▶ GIVEN RECORDS
-- Opening Marker --

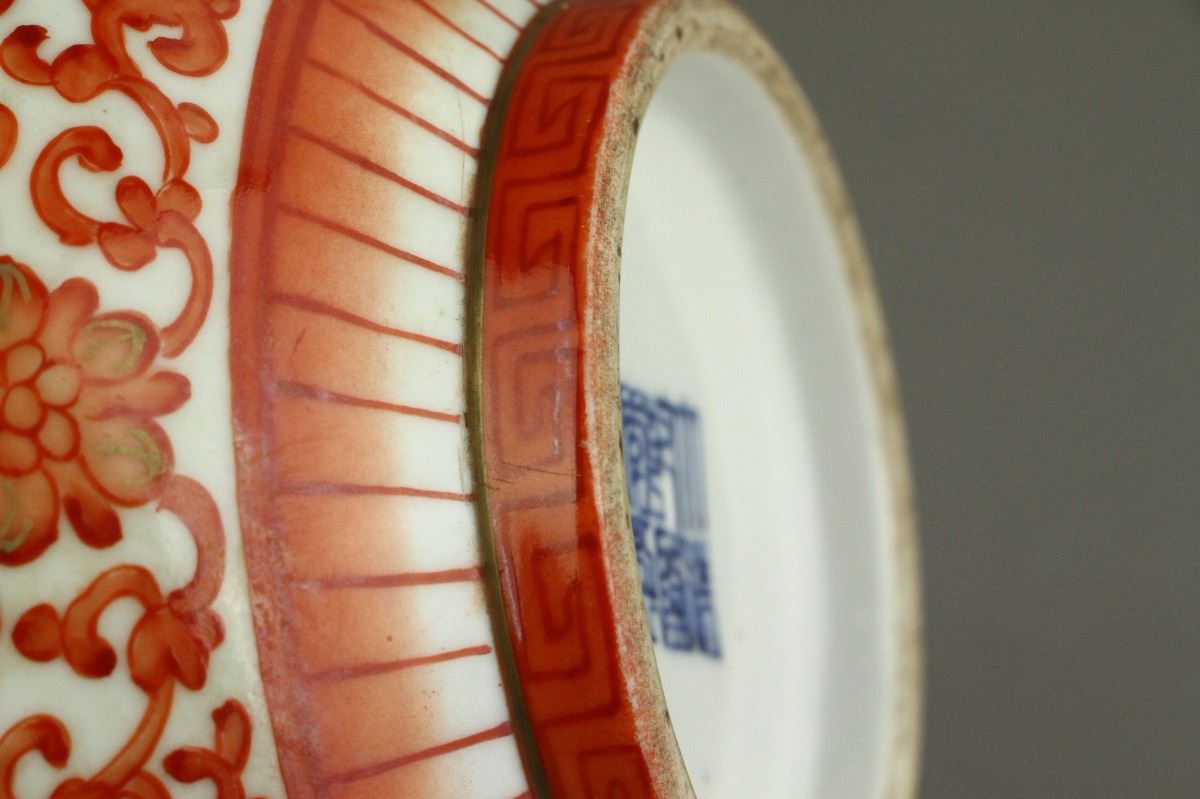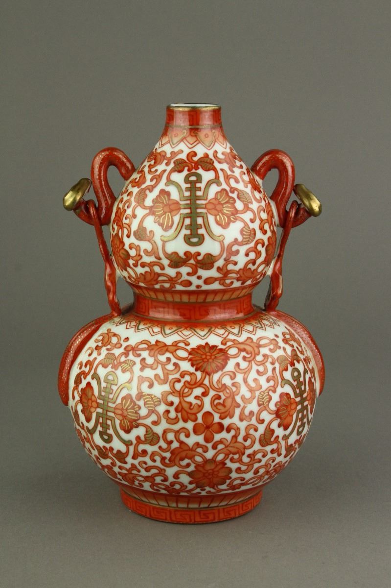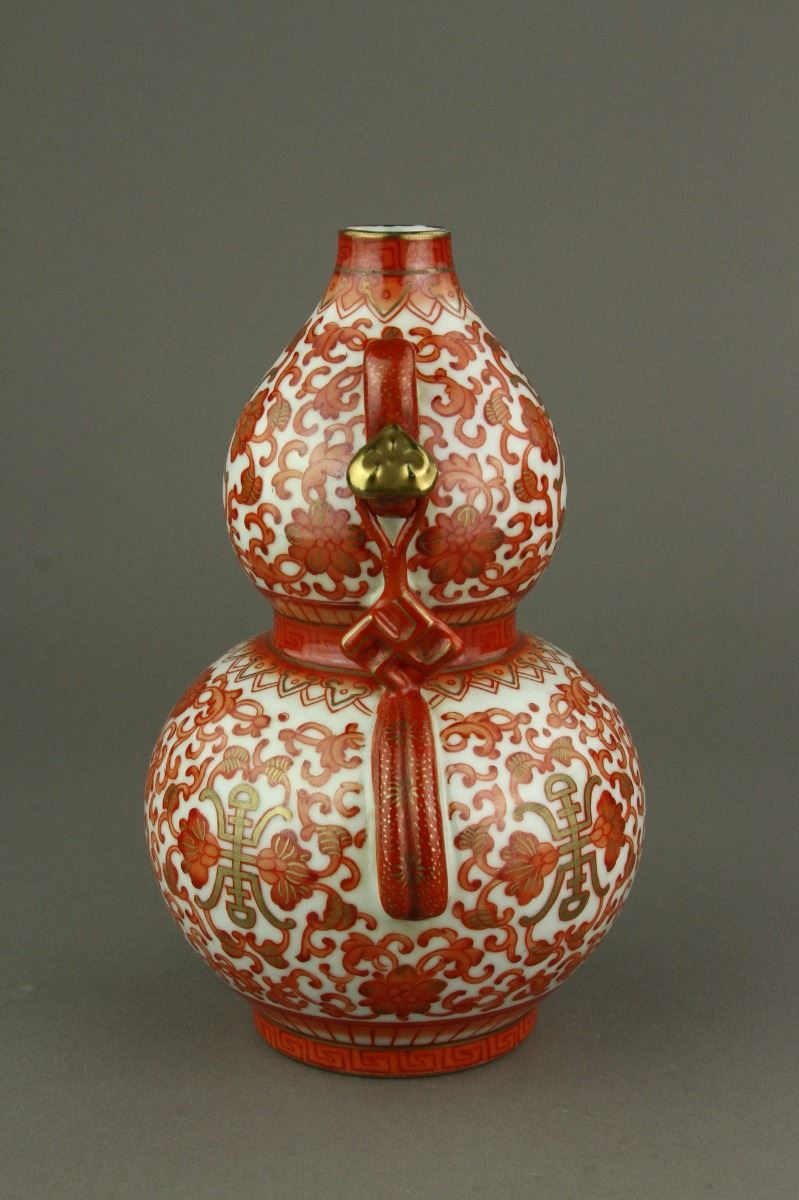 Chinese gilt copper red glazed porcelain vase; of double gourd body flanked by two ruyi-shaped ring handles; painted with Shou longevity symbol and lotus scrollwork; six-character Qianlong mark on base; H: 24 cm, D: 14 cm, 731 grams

-- Closing Marker --
-- Opening Marker --

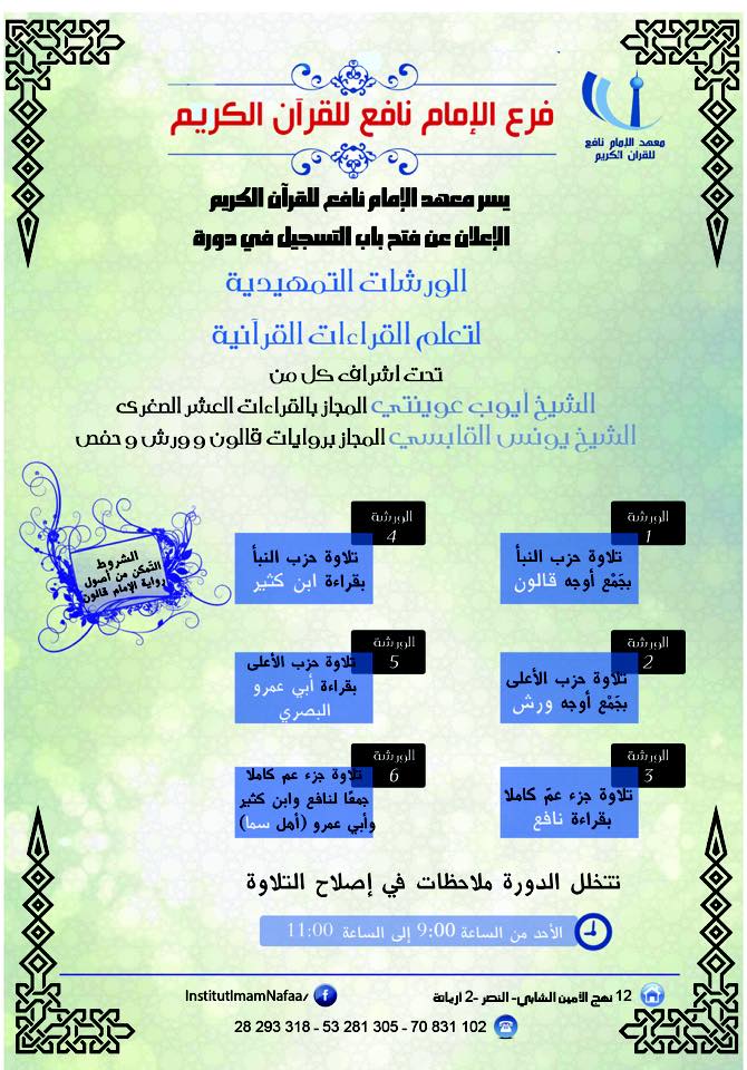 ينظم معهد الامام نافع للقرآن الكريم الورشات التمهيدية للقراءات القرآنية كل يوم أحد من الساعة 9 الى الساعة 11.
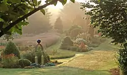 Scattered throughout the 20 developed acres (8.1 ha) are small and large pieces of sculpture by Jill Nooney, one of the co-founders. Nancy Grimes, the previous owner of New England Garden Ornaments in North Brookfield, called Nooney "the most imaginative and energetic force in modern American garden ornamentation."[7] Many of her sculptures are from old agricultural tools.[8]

-- Closing Marker --

▶ PROBLEM
Given the records above, return the lines starting at the one that holds "ينظم معهد الامام" and ending at the one that holds "Scattered throughout the", exactly, and nothing besides; leave every picture out.

▶ PROBLEM SOLUTION
 ينظم معهد الامام نافع للقرآن الكريم الورشات التمهيدية للقراءات القرآنية كل يوم أحد من الساعة 9 الى الساعة 11.
 Scattered throughout the 20 developed acres (8.1 ha) are small and large pieces of sculpture by Jill Nooney, one of the co-founders. Nancy Grimes, the previous owner of New England Garden Ornaments in North Brookfield, called Nooney "the most imaginative and energetic force in modern American garden ornamentation."[7] Many of her sculptures are from old agricultural tools.[8]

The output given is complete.